Biotech smells the coffee | Evaluate

2022-06-25 02:37:40 By : Ms. yajie zhang

Back in 2016 Radius Health was a hotly tipped takeover target boasting a $2.5bn market cap and an osteoporosis candidate primed for the big time. But that drug, Tymlos, failed to live up to hopes and the company is now being taken private by two healthcare investment firms, for $890m.

And after only 19 months after reversing into a Nasdaq listing, F-Star Therapeutics has agreed to be bought by Chinese developer Sino Bio for $161m. The UK bispecifics developer was facing the prospect of a dilutive raise, with only enough cash left to last until early next year.

Both deals are the result of the dire market conditions and with few expectations of a recovery any time soon more moves like these will inevitably follow.

The aggregate enterprise value of the world’s biotech sector is down 74% since it peaked in February last year, investment bank Torreya calculates. Meanwhile the number of life science companies trading below their enterprise value has ballooned this year, with 215 in that state last week.

It is worth noting, however, that both Radius and F-Star had revenue streams and promising projects to monetise. Finding these sorts of lifelines will be even tougher for earlier-stage developers with less to offer.

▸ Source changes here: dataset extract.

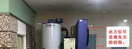 2、制冰機周圍無雜物堆放,制冰機散熱風扇與墻面至少保持1米的距離,如條件允許散熱風扇的方向保證無障礙物。

In Radius’s case, its financial profile probably attracted Gurnet Point and Patient Square. Although fairly heavily indebted the company has accumulated $1.7bn in net operating losses, or NOLs, which can be used to maximise cash returns in various circumstances, like asset sales. Radius is owner of a promising breast cancer drug, the Serd elacestrant, which could be sold off, maybe to partner Menarini, along with other pipeline projects, analysts believe.

Tymlos never made the splash in osteoporosis that was initially promised, but it is bringing in around $250m a year. That cash flow and the other attributes makes Radius more of a viable proposition for financial buyers.

The $890m transaction will see investors get $10 per share immediately and a $1 CVR, which becomes payable if Tymlos sales hit a certain threshold. The upfront payment represents a 45% premium over Radius’s 30-day average share price; summing up the situation analysts at Stifel said investors would be getting “a relatively 'safe and secure' gain in a bear market characterized by extreme risk and volatility”.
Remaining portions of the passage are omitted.